#### Source data

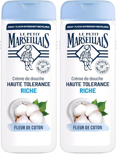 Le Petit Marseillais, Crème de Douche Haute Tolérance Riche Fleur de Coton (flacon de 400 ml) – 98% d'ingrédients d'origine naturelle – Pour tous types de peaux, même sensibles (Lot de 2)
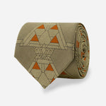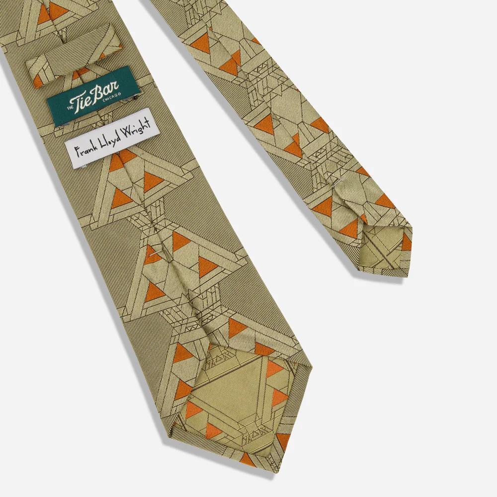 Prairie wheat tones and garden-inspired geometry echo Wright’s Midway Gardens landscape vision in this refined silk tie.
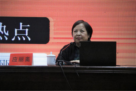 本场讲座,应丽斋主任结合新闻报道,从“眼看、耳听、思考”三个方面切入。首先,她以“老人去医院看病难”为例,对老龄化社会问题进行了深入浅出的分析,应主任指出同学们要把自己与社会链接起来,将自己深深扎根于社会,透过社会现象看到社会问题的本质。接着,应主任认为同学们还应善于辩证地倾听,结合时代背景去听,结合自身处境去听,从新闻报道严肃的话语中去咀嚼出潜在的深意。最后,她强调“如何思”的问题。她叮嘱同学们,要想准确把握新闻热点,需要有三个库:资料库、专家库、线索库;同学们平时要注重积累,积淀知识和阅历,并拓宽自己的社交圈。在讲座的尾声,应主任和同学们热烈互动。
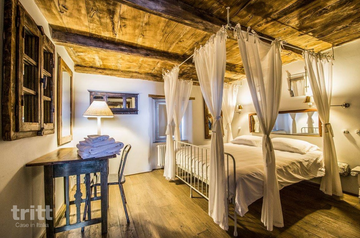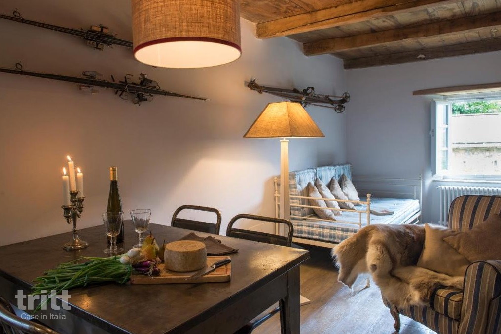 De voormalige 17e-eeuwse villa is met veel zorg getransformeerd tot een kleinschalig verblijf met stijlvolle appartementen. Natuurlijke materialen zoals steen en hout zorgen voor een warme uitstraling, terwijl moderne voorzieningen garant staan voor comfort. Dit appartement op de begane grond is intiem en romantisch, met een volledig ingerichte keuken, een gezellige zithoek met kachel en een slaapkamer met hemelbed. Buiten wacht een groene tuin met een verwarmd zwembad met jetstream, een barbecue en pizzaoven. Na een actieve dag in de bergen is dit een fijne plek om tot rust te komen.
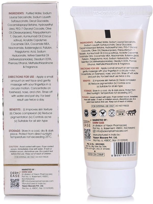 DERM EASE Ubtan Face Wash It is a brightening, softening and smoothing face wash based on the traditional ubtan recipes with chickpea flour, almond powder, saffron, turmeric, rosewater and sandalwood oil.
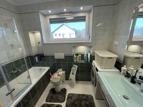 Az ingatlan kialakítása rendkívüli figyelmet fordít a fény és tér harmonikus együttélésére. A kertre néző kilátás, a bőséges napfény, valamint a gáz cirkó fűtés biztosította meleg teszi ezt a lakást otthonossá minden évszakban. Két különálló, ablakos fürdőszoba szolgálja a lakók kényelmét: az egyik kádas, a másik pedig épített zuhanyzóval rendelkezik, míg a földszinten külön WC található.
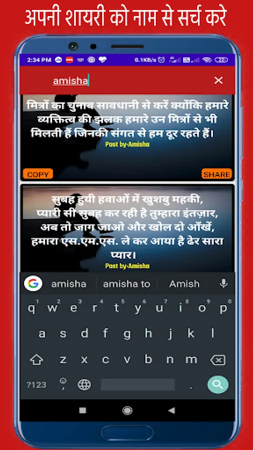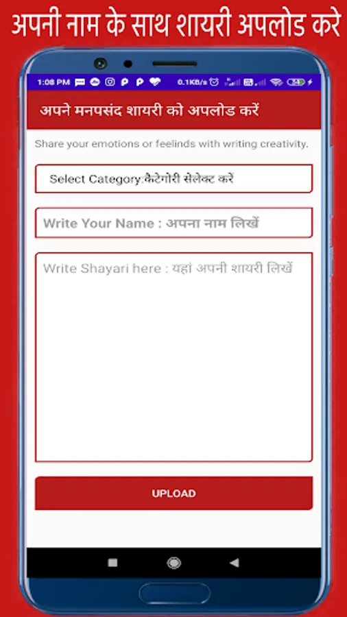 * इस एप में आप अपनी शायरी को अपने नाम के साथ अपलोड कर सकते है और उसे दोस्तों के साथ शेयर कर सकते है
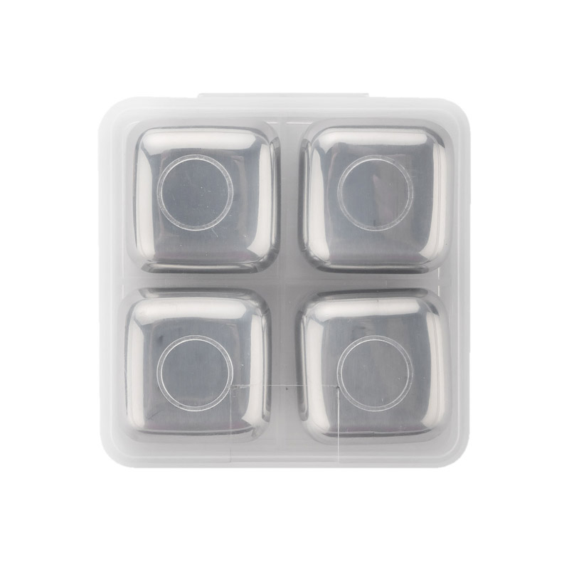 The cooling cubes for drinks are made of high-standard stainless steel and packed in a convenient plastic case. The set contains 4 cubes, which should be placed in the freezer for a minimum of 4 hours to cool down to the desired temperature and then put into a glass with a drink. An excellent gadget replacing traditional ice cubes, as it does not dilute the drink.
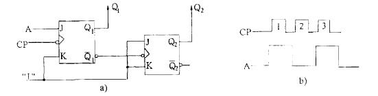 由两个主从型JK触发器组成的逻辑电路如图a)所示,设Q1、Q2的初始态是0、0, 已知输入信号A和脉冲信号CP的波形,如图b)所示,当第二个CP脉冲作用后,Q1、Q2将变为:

########

- _What needs to be done_: If a record holds a picture, leave the picture out, but copy everything else exactly.

- _Finished task_:
 Le Petit Marseillais, Crème de Douche Haute Tolérance Riche Fleur de Coton (flacon de 400 ml) – 98% d'ingrédients d'origine naturelle – Pour tous types de peaux, même sensibles (Lot de 2)
 Prairie wheat tones and garden-inspired geometry echo Wright’s Midway Gardens landscape vision in this refined silk tie.
 本场讲座,应丽斋主任结合新闻报道,从“眼看、耳听、思考”三个方面切入。首先,她以“老人去医院看病难”为例,对老龄化社会问题进行了深入浅出的分析,应主任指出同学们要把自己与社会链接起来,将自己深深扎根于社会,透过社会现象看到社会问题的本质。接着,应主任认为同学们还应善于辩证地倾听,结合时代背景去听,结合自身处境去听,从新闻报道严肃的话语中去咀嚼出潜在的深意。最后,她强调“如何思”的问题。她叮嘱同学们,要想准确把握新闻热点,需要有三个库:资料库、专家库、线索库;同学们平时要注重积累,积淀知识和阅历,并拓宽自己的社交圈。在讲座的尾声,应主任和同学们热烈互动。
 De voormalige 17e-eeuwse villa is met veel zorg getransformeerd tot een kleinschalig verblijf met stijlvolle appartementen. Natuurlijke materialen zoals steen en hout zorgen voor een warme uitstraling, terwijl moderne voorzieningen garant staan voor comfort. Dit appartement op de begane grond is intiem en romantisch, met een volledig ingerichte keuken, een gezellige zithoek met kachel en een slaapkamer met hemelbed. Buiten wacht een groene tuin met een verwarmd zwembad met jetstream, een barbecue en pizzaoven. Na een actieve dag in de bergen is dit een fijne plek om tot rust te komen.
 DERM EASE Ubtan Face Wash It is a brightening, softening and smoothing face wash based on the traditional ubtan recipes with chickpea flour, almond powder, saffron, turmeric, rosewater and sandalwood oil.
 Az ingatlan kialakítása rendkívüli figyelmet fordít a fény és tér harmonikus együttélésére. A kertre néző kilátás, a bőséges napfény, valamint a gáz cirkó fűtés biztosította meleg teszi ezt a lakást otthonossá minden évszakban. Két különálló, ablakos fürdőszoba szolgálja a lakók kényelmét: az egyik kádas, a másik pedig épített zuhanyzóval rendelkezik, míg a földszinten külön WC található.
 * इस एप में आप अपनी शायरी को अपने नाम के साथ अपलोड कर सकते है और उसे दोस्तों के साथ शेयर कर सकते है
 The cooling cubes for drinks are made of high-standard stainless steel and packed in a convenient plastic case. The set contains 4 cubes, which should be placed in the freezer for a minimum of 4 hours to cool down to the desired temperature and then put into a glass with a drink. An excellent gadget replacing traditional ice cubes, as it does not dilute the drink.
 由两个主从型JK触发器组成的逻辑电路如图a)所示,设Q1、Q2的初始态是0、0, 已知输入信号A和脉冲信号CP的波形,如图b)所示,当第二个CP脉冲作用后,Q1、Q2将变为:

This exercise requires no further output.